Exercise prompt: Everything in the data below except the pictures must be repeated word for word.

Data block:
════
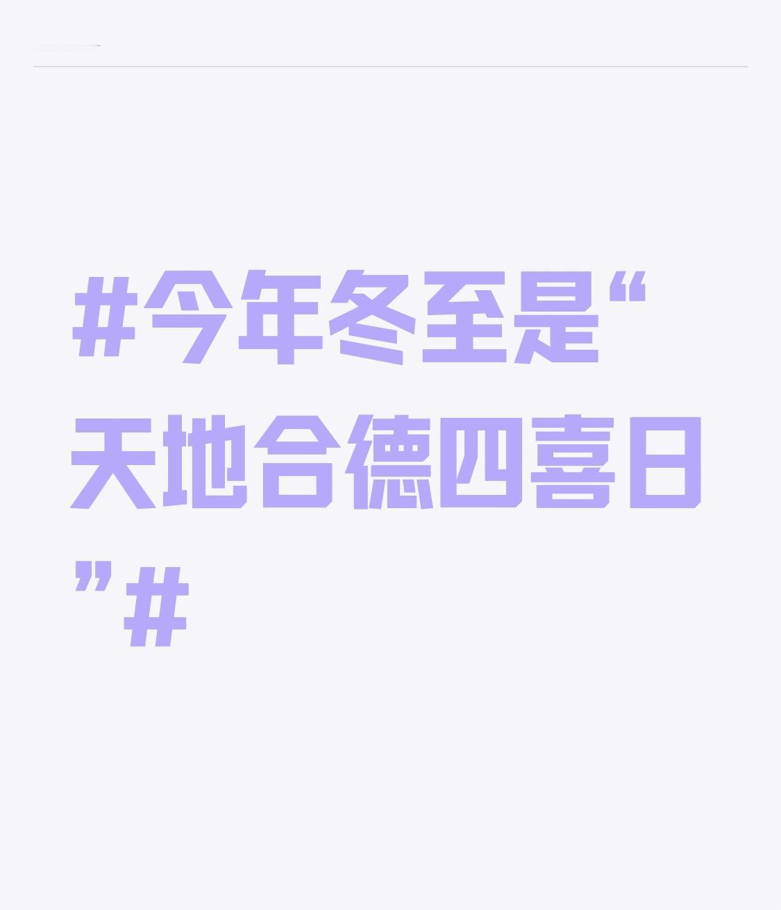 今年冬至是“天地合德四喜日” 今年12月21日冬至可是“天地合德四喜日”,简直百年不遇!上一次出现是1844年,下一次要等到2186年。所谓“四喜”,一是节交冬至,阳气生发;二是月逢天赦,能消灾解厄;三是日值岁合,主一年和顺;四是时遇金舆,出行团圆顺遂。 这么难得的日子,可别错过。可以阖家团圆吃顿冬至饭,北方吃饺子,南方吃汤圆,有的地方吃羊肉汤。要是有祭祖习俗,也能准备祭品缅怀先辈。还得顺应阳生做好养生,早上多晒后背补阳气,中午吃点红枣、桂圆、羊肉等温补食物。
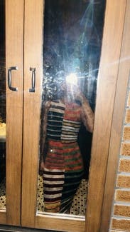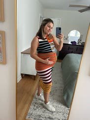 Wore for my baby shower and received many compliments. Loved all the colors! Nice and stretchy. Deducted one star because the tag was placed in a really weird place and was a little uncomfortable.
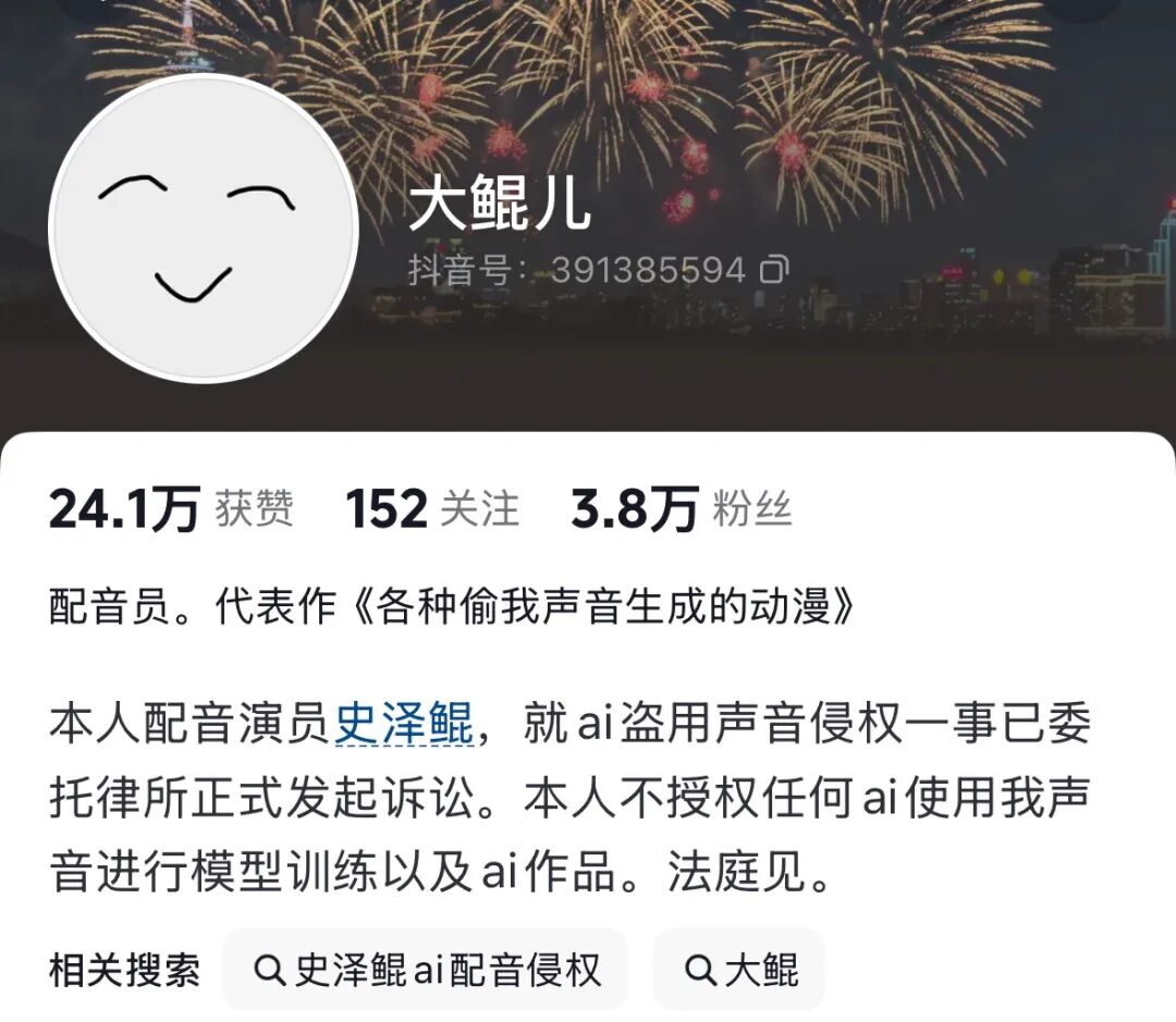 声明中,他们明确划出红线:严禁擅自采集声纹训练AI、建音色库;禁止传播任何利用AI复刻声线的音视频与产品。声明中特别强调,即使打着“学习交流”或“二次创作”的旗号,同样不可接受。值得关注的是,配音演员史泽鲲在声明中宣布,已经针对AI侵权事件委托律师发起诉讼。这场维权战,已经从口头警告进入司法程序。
════
Response to the exercise:
 今年冬至是“天地合德四喜日” 今年12月21日冬至可是“天地合德四喜日”,简直百年不遇!上一次出现是1844年,下一次要等到2186年。所谓“四喜”,一是节交冬至,阳气生发;二是月逢天赦,能消灾解厄;三是日值岁合,主一年和顺;四是时遇金舆,出行团圆顺遂。 这么难得的日子,可别错过。可以阖家团圆吃顿冬至饭,北方吃饺子,南方吃汤圆,有的地方吃羊肉汤。要是有祭祖习俗,也能准备祭品缅怀先辈。还得顺应阳生做好养生,早上多晒后背补阳气,中午吃点红枣、桂圆、羊肉等温补食物。
 Wore for my baby shower and received many compliments. Loved all the colors! Nice and stretchy. Deducted one star because the tag was placed in a really weird place and was a little uncomfortable.
 声明中,他们明确划出红线:严禁擅自采集声纹训练AI、建音色库;禁止传播任何利用AI复刻声线的音视频与产品。声明中特别强调,即使打着“学习交流”或“二次创作”的旗号,同样不可接受。值得关注的是,配音演员史泽鲲在声明中宣布,已经针对AI侵权事件委托律师发起诉讼。这场维权战,已经从口头警告进入司法程序。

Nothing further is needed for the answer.